5. Görüntüleme için istenen kuyuları seçin ve kuyu seç simgesine tıklayarak spesifikasyon değişikliklerini onaylayın.
6. Hücresel analiz ayarlarını yapmak için Veri Azaltma sekmesine gidin.
7. Açık renkli bir arka planla eşik değerini 19.500 olarak ayarlayın ve Maskelerdeki delikleri doldur'u seçin.
8. Nesne seçimi için minimum nesne boyutunu 100 μm ve maksimum nesne boyutunu 1.000 μm olarak ayarlayın ve Tüm görüntüyü analiz et'i seçin.
   NOT: Bu analiz için yalnızca birincil maske ve nesne sayısı gereklidir.
9. Tüm değişiklikleri kaydedin ve görüntüleyici uygulamasını açın.
10. Çekmeceyi açarak deneysel U şeklindeki alt mikro plakayı inkübatöre yerleştirin, ardından görüntüleyici yazılımını kullanarak kapatın.
11. Protokolü çalıştırmak için Prosedür Bilgisi sekmesine tıklayın, bir kullanıcı ekleyin ve protokolü seçin.
12. Doğru plaka tipinin seçildiğinden emin olun ve görüntüleme süresini plaka başına 30 dakika olarak ayarlayın.
13. İstenen görüntüleme aralığını seçin, plakanın kapağı olup olmadığını belirtin ve görüntüleme başlangıç zamanını ve süresini ayarlayın.
14. Görüntüleme işlemini başlatmak için Plaka / Damar Planla'ya tıklayın.

9. Bodrum membran özü çözeltisi kaplaması (isteğe bağlı)

NOT: Bazal membran ekstrakt çözeltisi, kaplamadan 24 saat sonra sferoidlere uygulanabilir.

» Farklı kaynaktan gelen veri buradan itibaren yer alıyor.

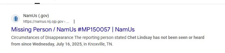 Circumstances of DisappearanceThe reporting person stated Chet Lindsay has not been seen or heard from since Wednesday, July 16, 2025, in Knoxville, TN.
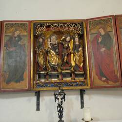 Some things of interest: an early Fourteenth Century crucifix, a very nice Gothic altar from Brussels (1480), textiles from the 1500s, a Baroque organ, and a sacristy cabinet from the Thirteenth Century. Oh, and a wood carving of Martin Luther. Can't forget that.
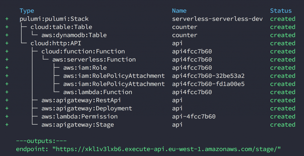 En fonction du provider choisi, new cloud.Table pourra donc être déployée en tant que table AWS DynamoDB, Table Storage sur Azure ou encore DataStore sur GCP. Pour l’instant, la bibliothèque @pulumi/cloud  supporte AWS et Azure, le support pour GCP devrait être ajouté prochainement. Pour l’exemple nous utiliserons la valeur aws pour le paramètre cloud:provider, la table sera donc une table DynamoDB, l’API viendra du service API Gateway et les fonctions (FaaS) reliées à l’API du service AWS Lambda.
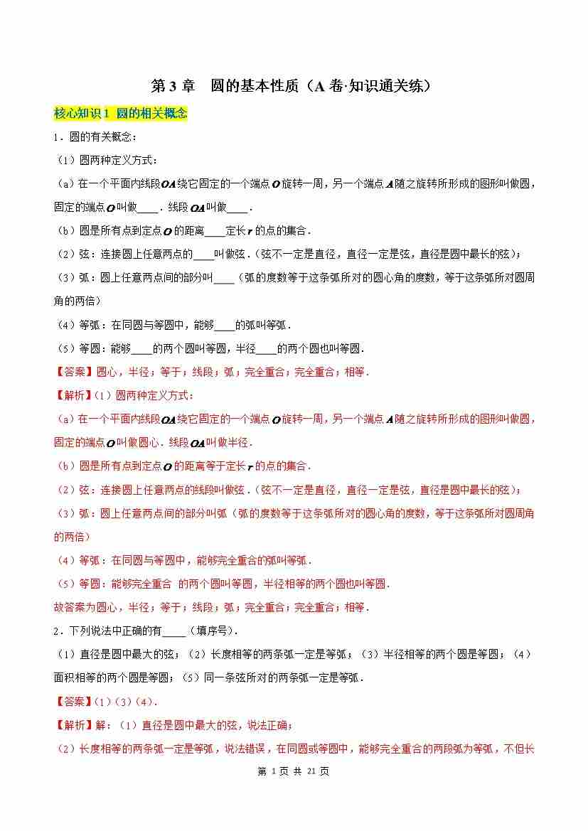第3章 圆的基本性质(A卷·知识通关练)(解析版)--
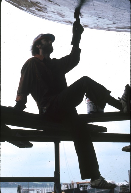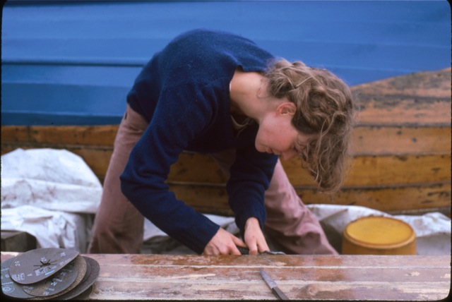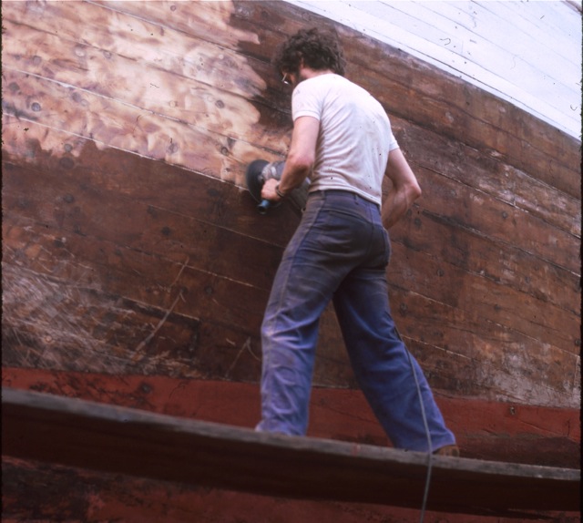 Werft-Arbeiten auf dem Slip (Trockendock): Peter Frikart müht sich ab mit den damaligen 7 kg schweren Schleifmaschinen

1. Bodrum membran ekstrakt solüsyonunu soğuk tutmak için bir buz kovasını buzla doldurun ve kullanılmadığı zaman 4 °C'de saklayın.
2. Çok kanallı bir pipetle yaklaşık 170 μL ortamı aspire edin.
3. Küçük sferoidleri yakından gözlemlemek için bir büyüteç ve mini bir ışık kutusu kullanın. 96 delikli küresel plakayı ışık kutusunun üzerine yerleştirin ve büyüteci baş üstü yerleştirin.
4. P200 pipetini 30 μL'ye ayarlayın ve üç mikro damlacık oluşturmak için bazal membran ekstraktını toplayın.
5. Bir mikropipet ile üç teknik kopyanın her birinin üzerine bir mikro damlacık ekleyin.
6. 96 oyuklu plakanın düz olduğundan emin olun ve pipeti kürenin üzerine dikey olarak yerleştirin. Kuyunun dibine dokunmadan damlacığı serbest bırakın.
7. Plakayı 20 dakika boyunca 37 ° C'de bir inkübatöre yerleştirin.
8. Sferoidleri bir mikropipet ile oyuk başına 50 μL ilave bazal membran ekstrakt çözeltisi ile kaplayın.
9. Bir pipet ucu kullanarak sferoidleri kuyunun ortasına yeniden konumlandırın.
10. 37 °C'de 30 dakika inkübe edin.
11. Her oyuğa 100 μL hücre kültürü ortamı ekleyin.

10. Nicelik belirleme

1. ImageJ yazılımını indirin ve açın. Küresel görüntüleri yükleyin.
2. Analiz Et'e tıklayarak ölçümleri ayarlayın | Ölçümleri ayarlayın ve Alanı seçin | Merkez. Küreyi izlemek ve nesneyi ölçmek için kement aracını kullanarak sferoidleri ölçün.
3. Üç biyolojik kopya için değerleri kaydedin ve ortalama alanı ve daireselliği hesaplayın.
4. Aşağıdaki formülü kullanarak alanı piksellerden metrekareye dönüştürün:
   Alan (m²) = ((550/504) × √ (piksel cinsinden alan)) ²
5. Verileri analiz edin.
   1. Sütunlar halinde yığılmış çoğaltma değerlerini girin'i seçin.
   2. Verileri sütunlara girin ve monokültür sferoid kontrolünü ve ko-kültür muamelesi sferoid örneklerini seçin.
   3. Tek yönlü ANOVA sütun analizi gerçekleştirin.
6. Aşağıdaki ANOVA parametrelerini kullanın:
   1. Eşleştirmekten veya eşleştirmekten kaçının.
   2. Artıkların Gauss dağılımını varsayalım.
   3. Standart sapmaların eşit olduğunu varsayalım.
   4. Her sütunun ortalamasını diğer tüm sütunların ortalamasıyla karşılaştırmak için Tukey'in çoklu karşılaştırma testini kullanın.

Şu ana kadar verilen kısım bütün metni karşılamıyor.